_Data supplied_

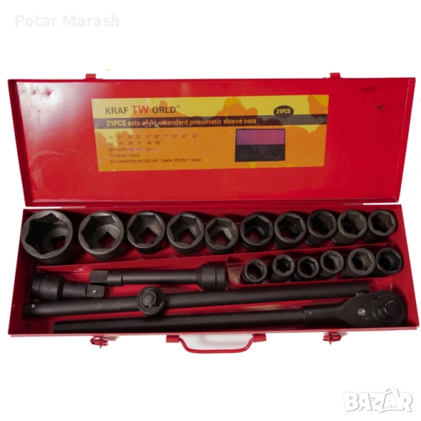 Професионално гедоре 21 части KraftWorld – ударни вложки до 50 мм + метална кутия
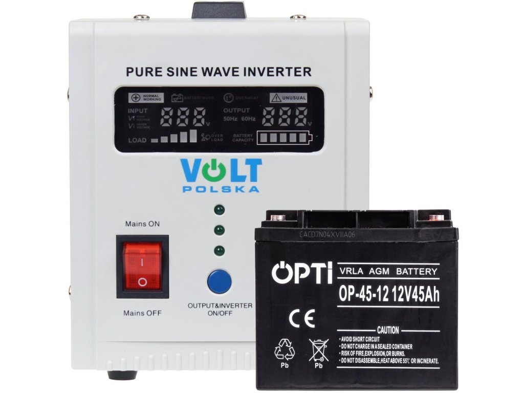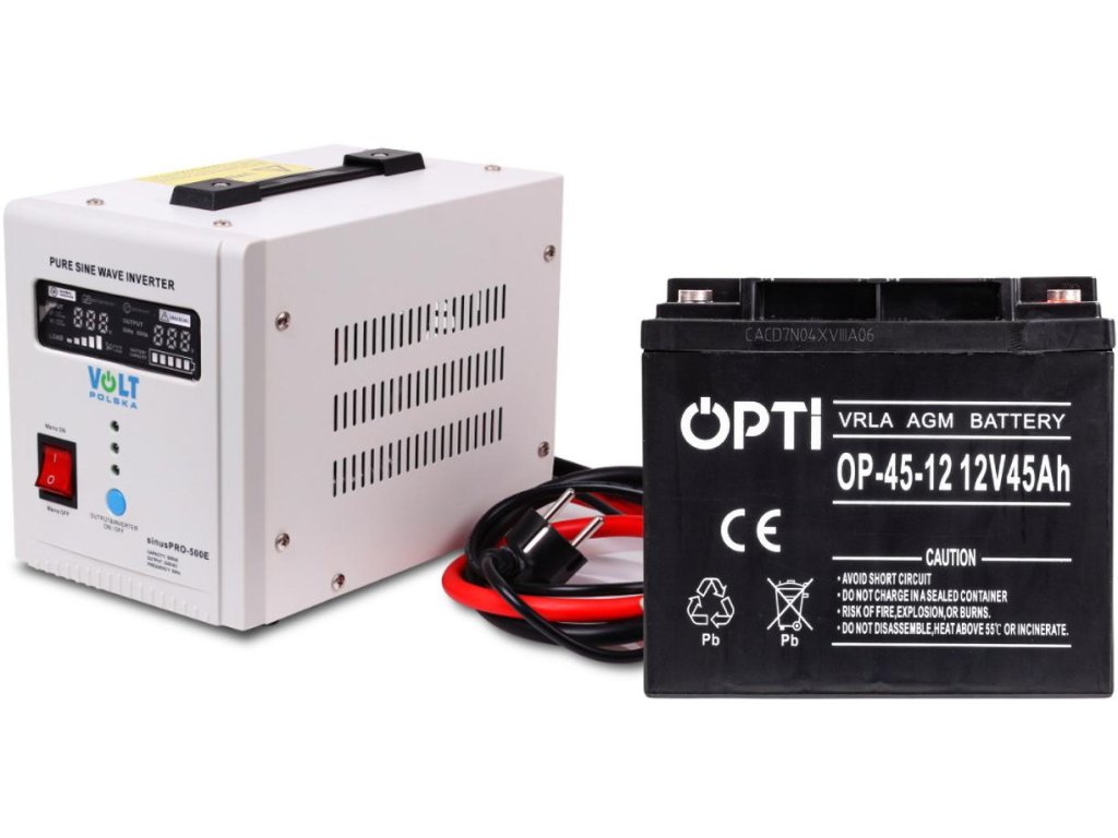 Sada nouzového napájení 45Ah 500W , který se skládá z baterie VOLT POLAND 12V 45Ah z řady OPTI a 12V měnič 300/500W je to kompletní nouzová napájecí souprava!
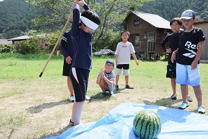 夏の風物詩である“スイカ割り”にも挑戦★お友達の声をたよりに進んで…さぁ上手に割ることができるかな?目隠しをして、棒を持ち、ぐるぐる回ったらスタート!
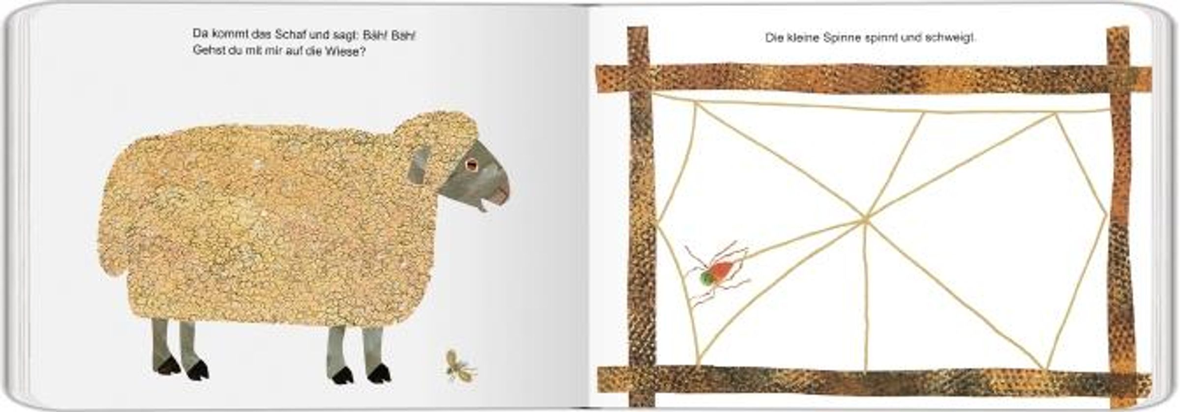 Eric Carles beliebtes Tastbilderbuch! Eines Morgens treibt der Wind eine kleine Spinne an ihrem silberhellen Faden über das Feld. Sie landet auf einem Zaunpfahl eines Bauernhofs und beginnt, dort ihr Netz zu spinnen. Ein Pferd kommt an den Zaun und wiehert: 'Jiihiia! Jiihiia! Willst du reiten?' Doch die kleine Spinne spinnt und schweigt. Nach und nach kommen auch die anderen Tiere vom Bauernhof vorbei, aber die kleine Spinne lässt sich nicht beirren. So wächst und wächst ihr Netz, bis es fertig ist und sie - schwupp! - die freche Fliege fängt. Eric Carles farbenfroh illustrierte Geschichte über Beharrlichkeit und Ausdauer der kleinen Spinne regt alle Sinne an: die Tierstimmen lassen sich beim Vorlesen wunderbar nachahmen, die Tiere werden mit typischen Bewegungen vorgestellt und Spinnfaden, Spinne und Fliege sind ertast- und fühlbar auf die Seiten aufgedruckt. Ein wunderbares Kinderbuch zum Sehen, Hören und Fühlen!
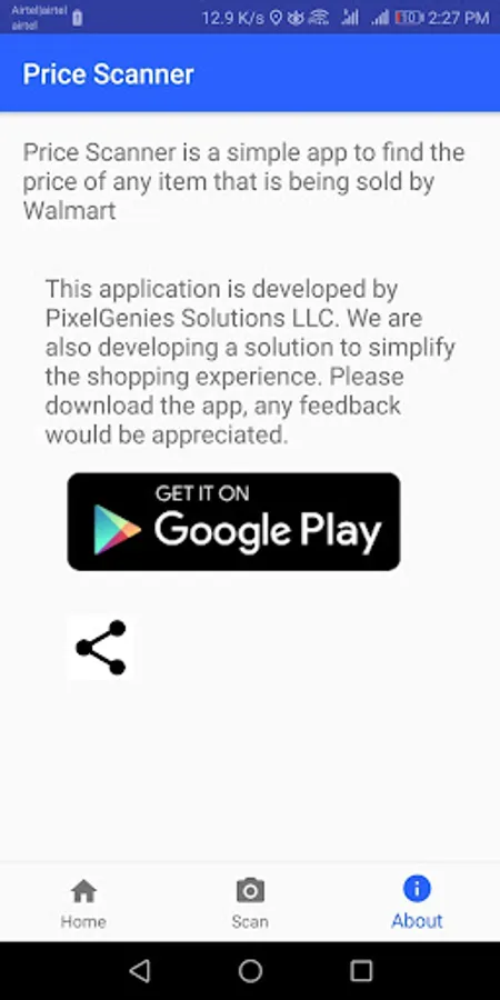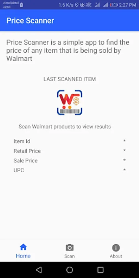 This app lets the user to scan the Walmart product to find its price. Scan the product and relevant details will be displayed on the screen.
--
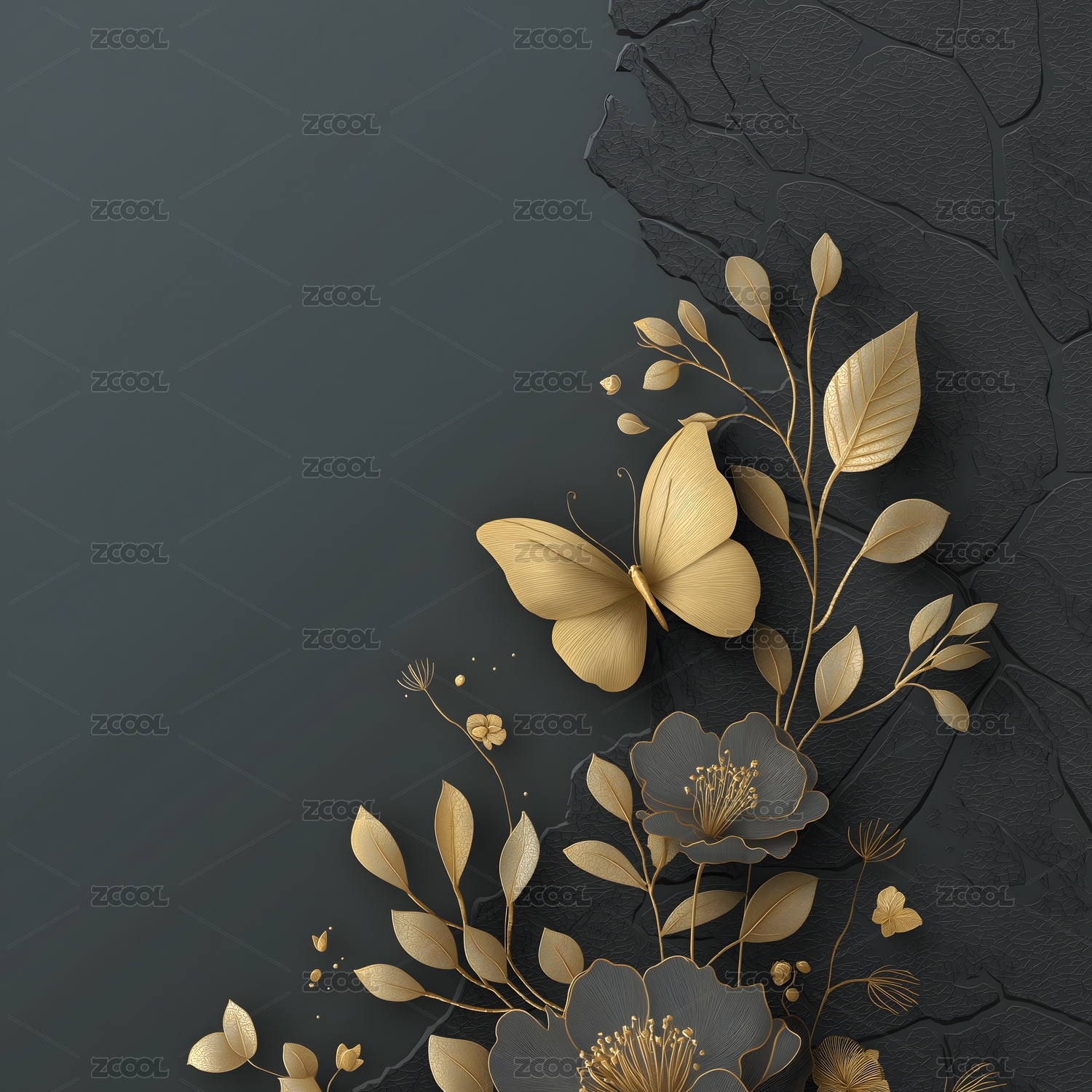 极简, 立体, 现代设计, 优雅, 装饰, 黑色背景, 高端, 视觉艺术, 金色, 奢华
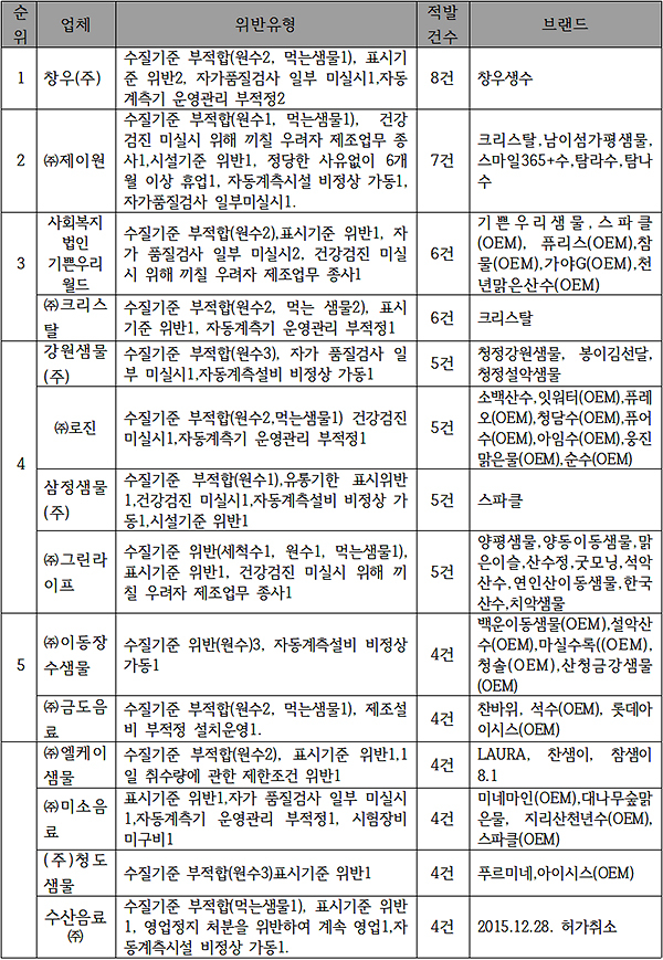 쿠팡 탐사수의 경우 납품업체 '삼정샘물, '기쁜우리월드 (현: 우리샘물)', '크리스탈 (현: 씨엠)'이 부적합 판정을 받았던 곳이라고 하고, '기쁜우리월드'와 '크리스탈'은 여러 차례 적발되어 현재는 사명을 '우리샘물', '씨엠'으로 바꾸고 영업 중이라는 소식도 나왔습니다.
* * *
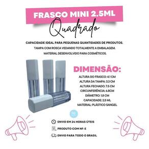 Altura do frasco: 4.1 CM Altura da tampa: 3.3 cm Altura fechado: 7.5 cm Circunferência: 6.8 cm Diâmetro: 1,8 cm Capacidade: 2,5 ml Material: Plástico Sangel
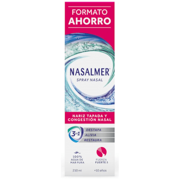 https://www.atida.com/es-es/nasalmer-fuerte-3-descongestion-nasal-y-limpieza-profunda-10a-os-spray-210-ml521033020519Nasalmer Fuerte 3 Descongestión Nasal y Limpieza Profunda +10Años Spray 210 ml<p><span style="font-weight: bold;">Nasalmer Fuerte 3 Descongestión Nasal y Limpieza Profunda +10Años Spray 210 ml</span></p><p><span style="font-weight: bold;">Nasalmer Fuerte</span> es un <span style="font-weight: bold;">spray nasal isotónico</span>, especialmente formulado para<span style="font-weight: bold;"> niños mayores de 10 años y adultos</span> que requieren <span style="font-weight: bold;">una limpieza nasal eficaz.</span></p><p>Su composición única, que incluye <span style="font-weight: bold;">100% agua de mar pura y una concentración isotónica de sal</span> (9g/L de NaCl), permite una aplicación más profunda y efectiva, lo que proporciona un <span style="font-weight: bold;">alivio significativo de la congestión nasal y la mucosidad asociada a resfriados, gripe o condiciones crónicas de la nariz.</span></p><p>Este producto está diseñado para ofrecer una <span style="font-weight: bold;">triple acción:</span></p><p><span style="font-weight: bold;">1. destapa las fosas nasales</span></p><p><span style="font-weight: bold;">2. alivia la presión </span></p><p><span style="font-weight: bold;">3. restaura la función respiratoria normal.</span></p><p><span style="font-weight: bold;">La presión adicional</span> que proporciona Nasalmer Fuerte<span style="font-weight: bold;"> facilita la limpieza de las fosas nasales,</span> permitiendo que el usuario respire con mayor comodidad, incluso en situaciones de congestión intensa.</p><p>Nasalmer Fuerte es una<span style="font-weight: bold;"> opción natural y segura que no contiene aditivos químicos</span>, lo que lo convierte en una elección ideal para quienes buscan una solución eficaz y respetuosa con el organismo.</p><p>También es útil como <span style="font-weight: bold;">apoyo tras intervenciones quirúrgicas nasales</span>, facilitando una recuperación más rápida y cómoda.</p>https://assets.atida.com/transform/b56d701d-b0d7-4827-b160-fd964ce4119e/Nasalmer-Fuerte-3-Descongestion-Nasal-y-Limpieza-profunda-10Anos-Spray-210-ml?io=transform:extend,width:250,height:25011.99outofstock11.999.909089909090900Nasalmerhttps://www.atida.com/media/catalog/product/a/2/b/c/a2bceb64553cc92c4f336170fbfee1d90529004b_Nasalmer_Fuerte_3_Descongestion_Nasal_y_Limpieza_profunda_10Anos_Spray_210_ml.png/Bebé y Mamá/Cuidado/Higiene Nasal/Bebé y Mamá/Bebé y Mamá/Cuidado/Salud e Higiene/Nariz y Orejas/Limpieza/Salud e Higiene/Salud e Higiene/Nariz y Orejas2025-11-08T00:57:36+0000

_About this task_
Print, exactly and with no pictures, the lines of the listing above starting at the one that has "Eric Carles beliebtes" and ending at the one that has "This app lets", both included.

_Expected answer_
 Eric Carles beliebtes Tastbilderbuch! Eines Morgens treibt der Wind eine kleine Spinne an ihrem silberhellen Faden über das Feld. Sie landet auf einem Zaunpfahl eines Bauernhofs und beginnt, dort ihr Netz zu spinnen. Ein Pferd kommt an den Zaun und wiehert: 'Jiihiia! Jiihiia! Willst du reiten?' Doch die kleine Spinne spinnt und schweigt. Nach und nach kommen auch die anderen Tiere vom Bauernhof vorbei, aber die kleine Spinne lässt sich nicht beirren. So wächst und wächst ihr Netz, bis es fertig ist und sie - schwupp! - die freche Fliege fängt. Eric Carles farbenfroh illustrierte Geschichte über Beharrlichkeit und Ausdauer der kleinen Spinne regt alle Sinne an: die Tierstimmen lassen sich beim Vorlesen wunderbar nachahmen, die Tiere werden mit typischen Bewegungen vorgestellt und Spinnfaden, Spinne und Fliege sind ertast- und fühlbar auf die Seiten aufgedruckt. Ein wunderbares Kinderbuch zum Sehen, Hören und Fühlen!
 This app lets the user to scan the Walmart product to find its price. Scan the product and relevant details will be displayed on the screen.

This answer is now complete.